Dataset entries:
◇ ◇ ◇ ◇

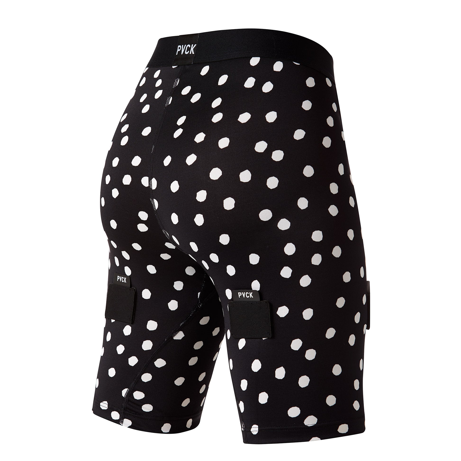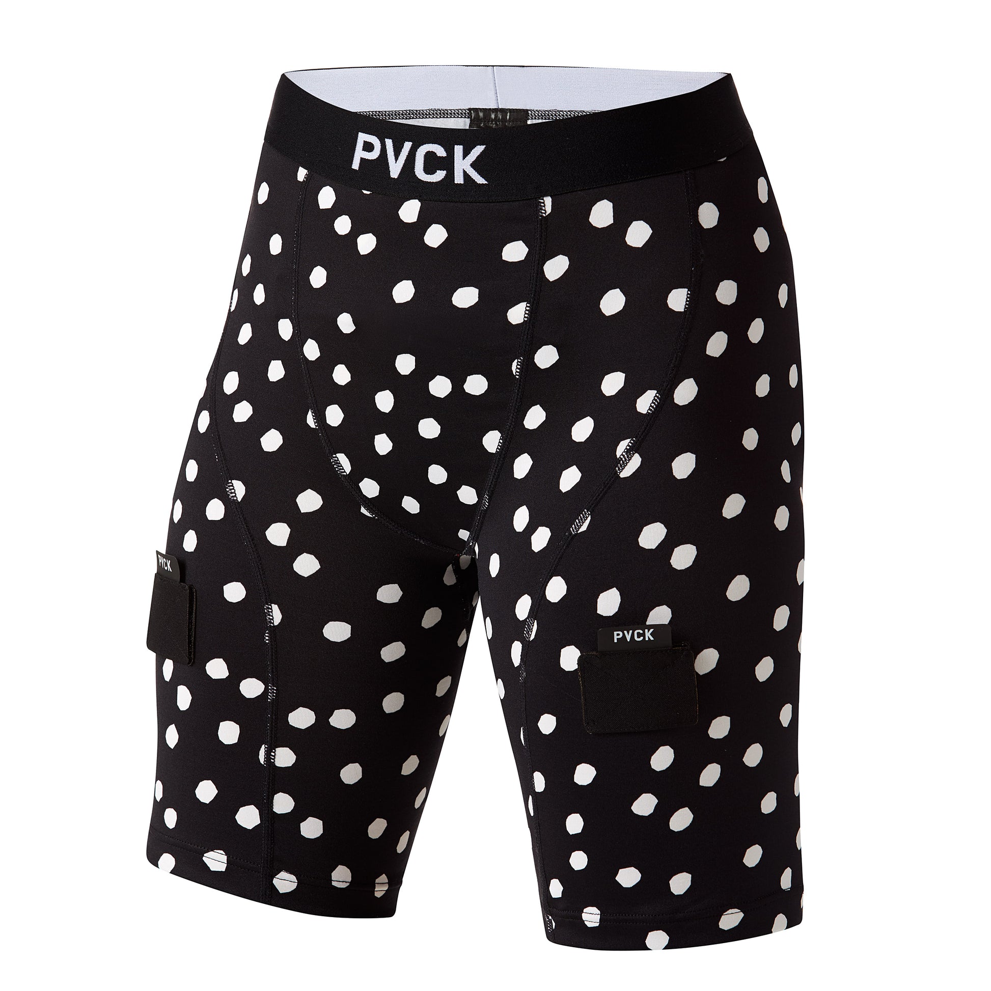Built for style, protection and comfort. Designed for female athletes. Pelvic protector with breathable pocket. Soft fitted waistband and sock securing Velcro tabs. Antibacterial with moisture wicking properties. 92% Polyester, 8% Spandex Knit, 230 GSM.
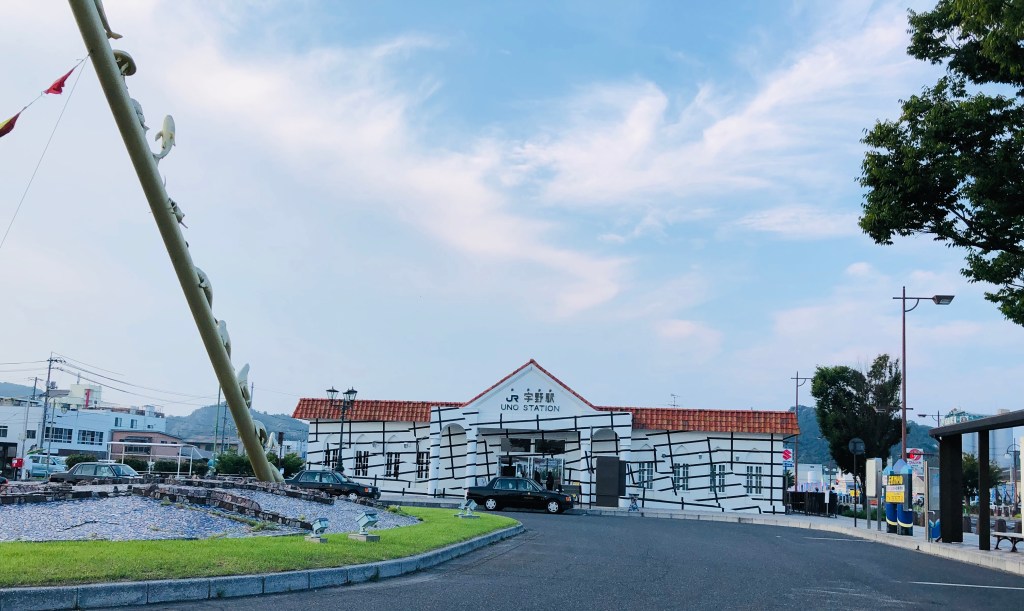 宇野站出來後往左直走。
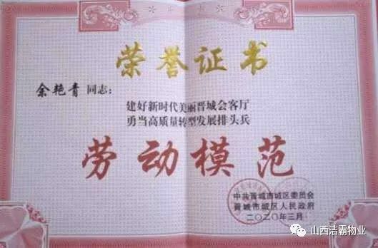 3月29日上午,晉城市城區(qū)2019年度全區(qū)勞動(dòng)模范表彰大會(huì)在在城區(qū)政府中院召開,來自全區(qū)各個(gè)行業(yè)、各條戰(zhàn)線的174個(gè)先進(jìn)集體和223名勞動(dòng)模范受到表彰。我公司工程部主管余艷青同志榮膺“勞動(dòng)模范”稱號(hào)。
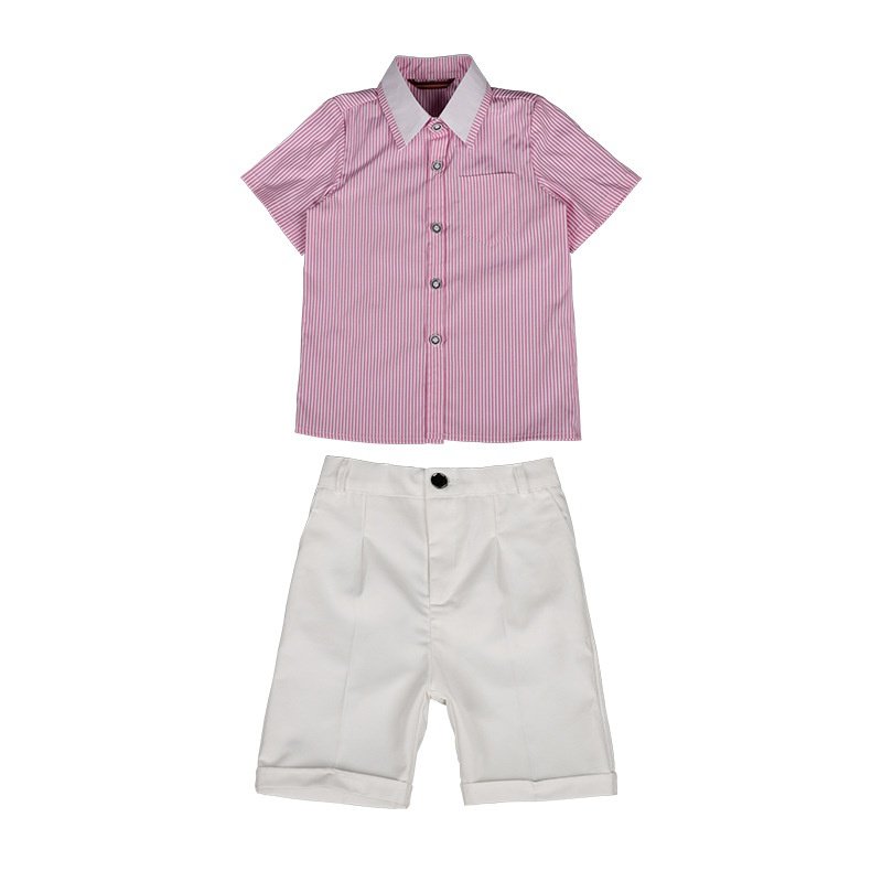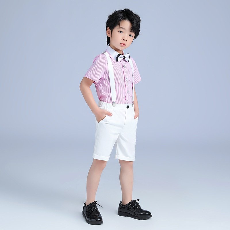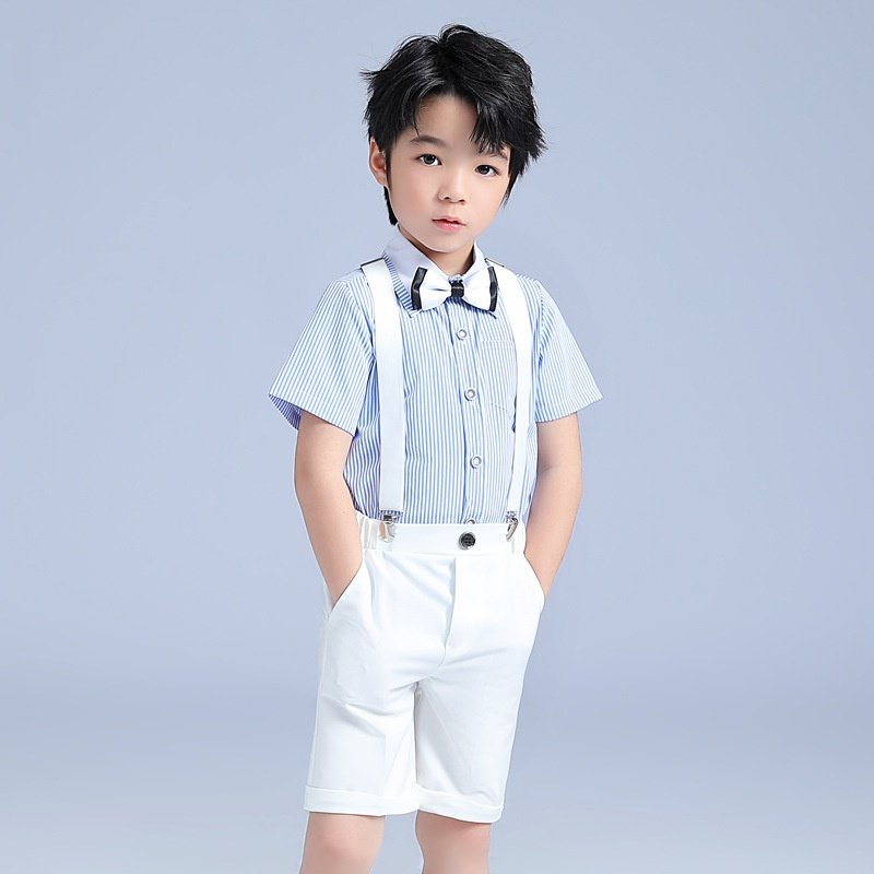 男童礼服春季新款韩版条纹短袖背带裤套装儿童钢琴主持演出服
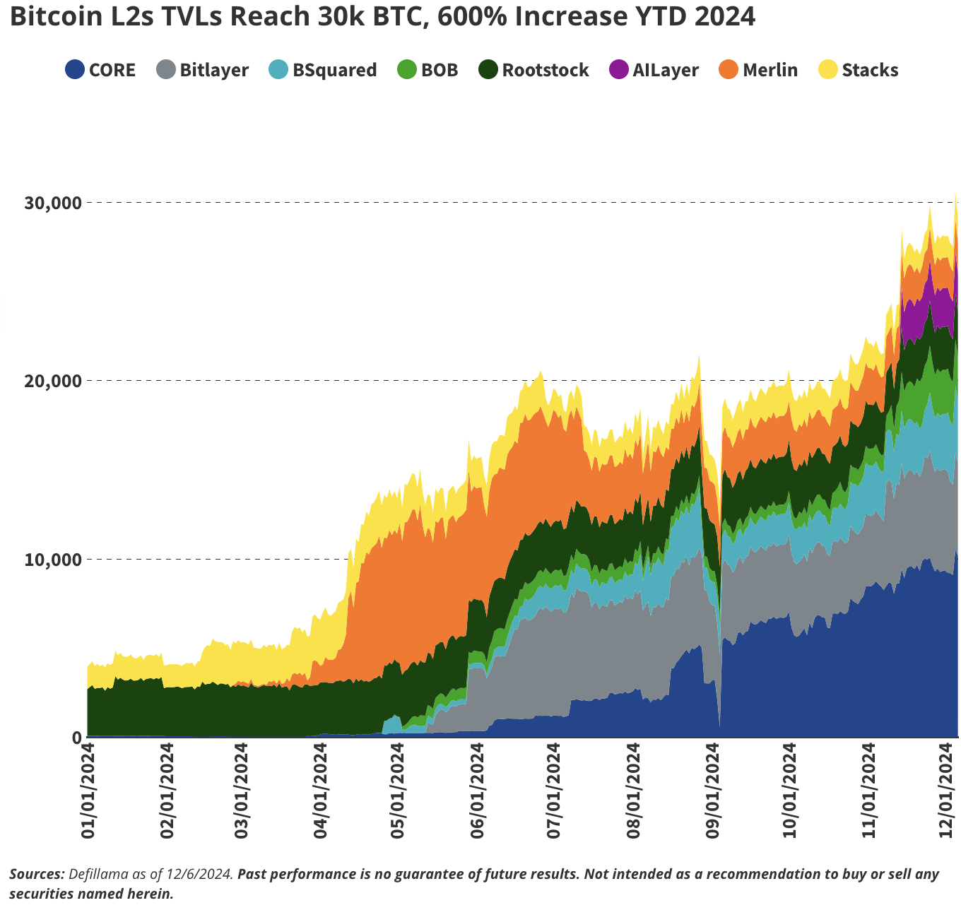 如图所示,比特币 L2 解决方案在 2024 年经历了爆炸性增长,总锁仓价值 (TVL) 超过 3 万 BTC,同比增长 600%,相当于约 30 亿美元。目前,有超过 75 个比特币 L2 项目正在开发中,但只有少数可能在长期内实现显著的采用。

◇ ◇ ◇ ◇

A faithful copy of every entry is needed, omitting each image.

Built for style, protection and comfort. Designed for female athletes. Pelvic protector with breathable pocket. Soft fitted waistband and sock securing Velcro tabs. Antibacterial with moisture wicking properties. 92% Polyester, 8% Spandex Knit, 230 GSM.
 宇野站出來後往左直走。
 3月29日上午,晉城市城區(qū)2019年度全區(qū)勞動(dòng)模范表彰大會(huì)在在城區(qū)政府中院召開,來自全區(qū)各個(gè)行業(yè)、各條戰(zhàn)線的174個(gè)先進(jìn)集體和223名勞動(dòng)模范受到表彰。我公司工程部主管余艷青同志榮膺“勞動(dòng)模范”稱號(hào)。
 男童礼服春季新款韩版条纹短袖背带裤套装儿童钢琴主持演出服
 如图所示,比特币 L2 解决方案在 2024 年经历了爆炸性增长,总锁仓价值 (TVL) 超过 3 万 BTC,同比增长 600%,相当于约 30 亿美元。目前,有超过 75 个比特币 L2 项目正在开发中,但只有少数可能在长期内实现显著的采用。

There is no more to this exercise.